It is assumed that the reaction of carbon disulphide with vitamin B6 is very important. B6 metabolism is impaired, which is manifested by enhanced excretion of xanthurenic acid and decreased excretion of 4-pyridoxine acid, and further in a reduced serum pyridoxine level. It appears that copper utilization is disturbed as indicated by the reduced level of ceruloplasmin in exposed animals and humans. Carbon disulphide interferes with serotonin metabolism in the brain by inhibiting certain enzymes. Furthermore, it has been reported that it inhibits the clearing factor (lipase activated by heparin in the presence of -lipoproteins), thus interfering with the clearing of fat from blood plasma. This may result in the accumulation of cholesterol and lipoid substances in vessel walls and stimulate the atherosclerotic process. However, not all reports about the inhibition of the clearing factor are so convincing. There are many, although often contradictory, reports about the behaviour of lipoproteins and cholesterol in the blood and organs of animals and humans exposed to carbon disulphide for a long time, or poisoned by it.

Impaired glucose tolerance of the chemical diabetes type has also been observed. It is elicited by the elevated level of xanthurenic acid in serum, which, as was demonstrated in experiments, forms a complex with insulin and reduces its biological activity. Neurochemical studies have demonstrated changed catecholamine levels in the brain as well as in other nervous tissues. These findings show that carbon disulphide changes the biosynthesis of catecholamines, probably by inhibiting dopamine hydroxylase by chelating enzymatic copper.

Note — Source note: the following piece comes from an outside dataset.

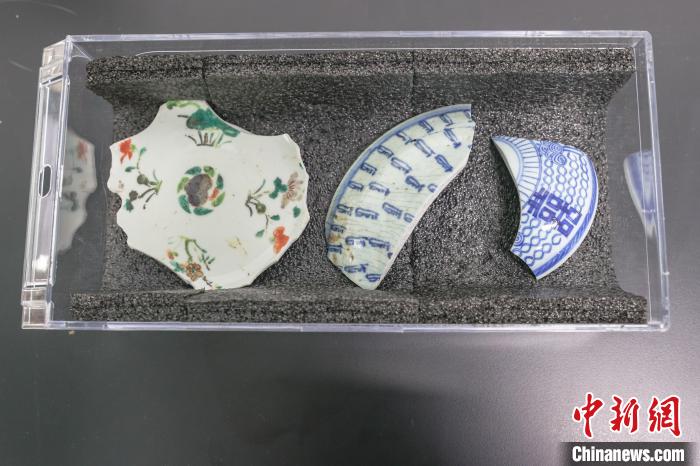 圖為來自清代晚期木質(zhì)沉船“長江口二號”的瓷片。中新社記者 劉力鑫 攝

Examination of animals poisoned by carbon disulphide revealed a variety of neurologic changes. In humans the changes included serious degeneration of the grey matter in the brain and cerebellum, changes in the pyramid system of pons and spinal cord, degenerative changes of peripheral nerves and disintegration of their sheaths. Also described were atrophy, hypertrophy and hyalin degeneration of muscle fibres.

Sulphur and sulphur dioxide

Extraction of sulphur-bearing rock can lead to the inhalation of the high concentrations of sulphur dust in sulphur mines and may have harmful effects on the respiratory system. In sulphur mining, at the beginning of exposure, the miner suffers from upper respiratory tract catarrh, with cough, and expectoration which is mucoid and may even contain grains of sulphur. Asthma is a frequent complication.

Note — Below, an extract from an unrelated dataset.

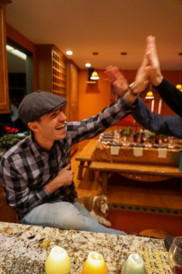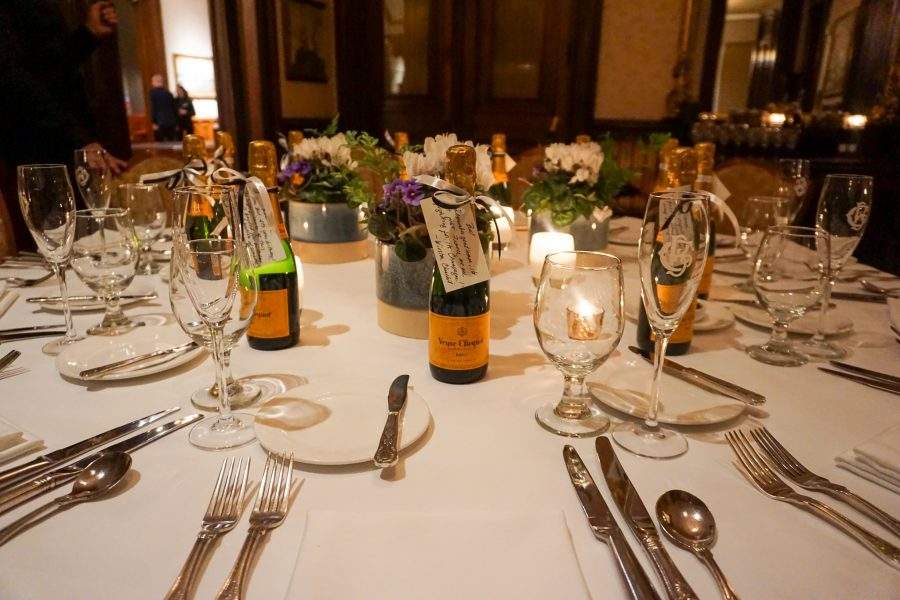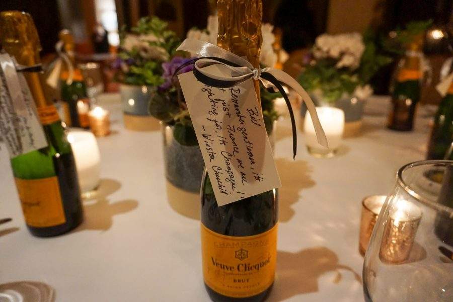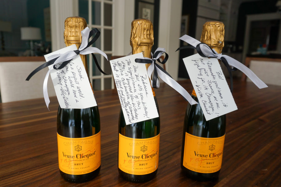 The real pop was the half-bottles of Veuve Clicquot that served as place cards at each seat. When there are more than four people at a gathering, I think being told where to sit makes the sit-down easier and more seamless. I googled ‘quotes about champagne’ and found a fun little Town & Country piece, copied each different quote onto a small card for each guest, and attached them with two lengths of ribbon. As an icebreaker and conversation starter (not that we really needed that, it simply added some novelty) we each read our quote as we moved around the table. My kids were delighted to take home champagne and cookies.

The acute effects of inhalation of sulphur and its inorganic compounds include upper respiratory system effects (catarrhal inflammation of the nasal mucosae, which may lead to hyperplasia with abundant nasal secretion). Tracheobronchitis is a frequent occurrence, with shortness of breath (dyspnoea), persistent cough and expectoration which may sometimes be streaked with blood. There may also be irritation of the eyes, with lacrimation, photophobia, conjunctivitis and blepharoconjunctivitis; cases of damage to the crystalline lens have also been described, with the formation of opacities and even cataract and focal chorioretinitis.

The skin may be subject to erythematous and eczematous lesions and signs of ulceration, especially in the case of workers whose hands are in prolonged or repeated contact with powdered sulphur or sulphur compounds, as for example in bleaching and decolouring processes in the textile industry.

Sulphur dioxide is one of the most widely encountered contaminants in the workplace environment. It is released in considerable quantities in the manufacture of sulphuric acid, liquid sulphur dioxide and cast iron, in the refining of sulphur-rich minerals (copper, lead, zinc and so on) and from the combustion of sulphur-rich coal. It is also found as a contaminant in the production of cellulose, sugar and superphosphates, in food preserving, petroleum refining, bleaching, disinfecting and so on.

Sulphur dioxide is an irritant gas, and its effect is due to the formation of sulphurous and sulphuric acids on contact with moist mucosae. It may enter the body via the respiratory tract or, following dilution in the saliva, it may be swallowed and enter the gastro-intestinal tract in the form of sulphurous acid. Certain authors believe that it can enter the body via the skin. Due to its high solubility, sulphur dioxide is rapidly distributed throughout the body, producing metabolic acidosis with a reduction in the blood alkali reserve and compensatory elimination of ammonia in the urine and alkali in the saliva. The general toxic action is demonstrated by protein and carbohydrate metabolism disorders, vitamin B and C deficiency and oxidase inhibition. In the blood, sulphuric acid is metabolized to sulphates which are excreted in the urine. It is probable that the absorption of large quantities of sulphur dioxide has a pathological effect on the haemopoietic system and may produce methaemoglobin.

Acute poisoning results from the inhalation of very high concentrations of sulphur dioxide and is characterized by intense irritation of the conjunctivae and upper respiratory tract mucosae with dyspnoea and cyanosis followed rapidly by consciousness disorders. Death may ensue as a result of suffocation due to reflex spasm of the larynx, sudden circulatory arrest in the lungs, or shock.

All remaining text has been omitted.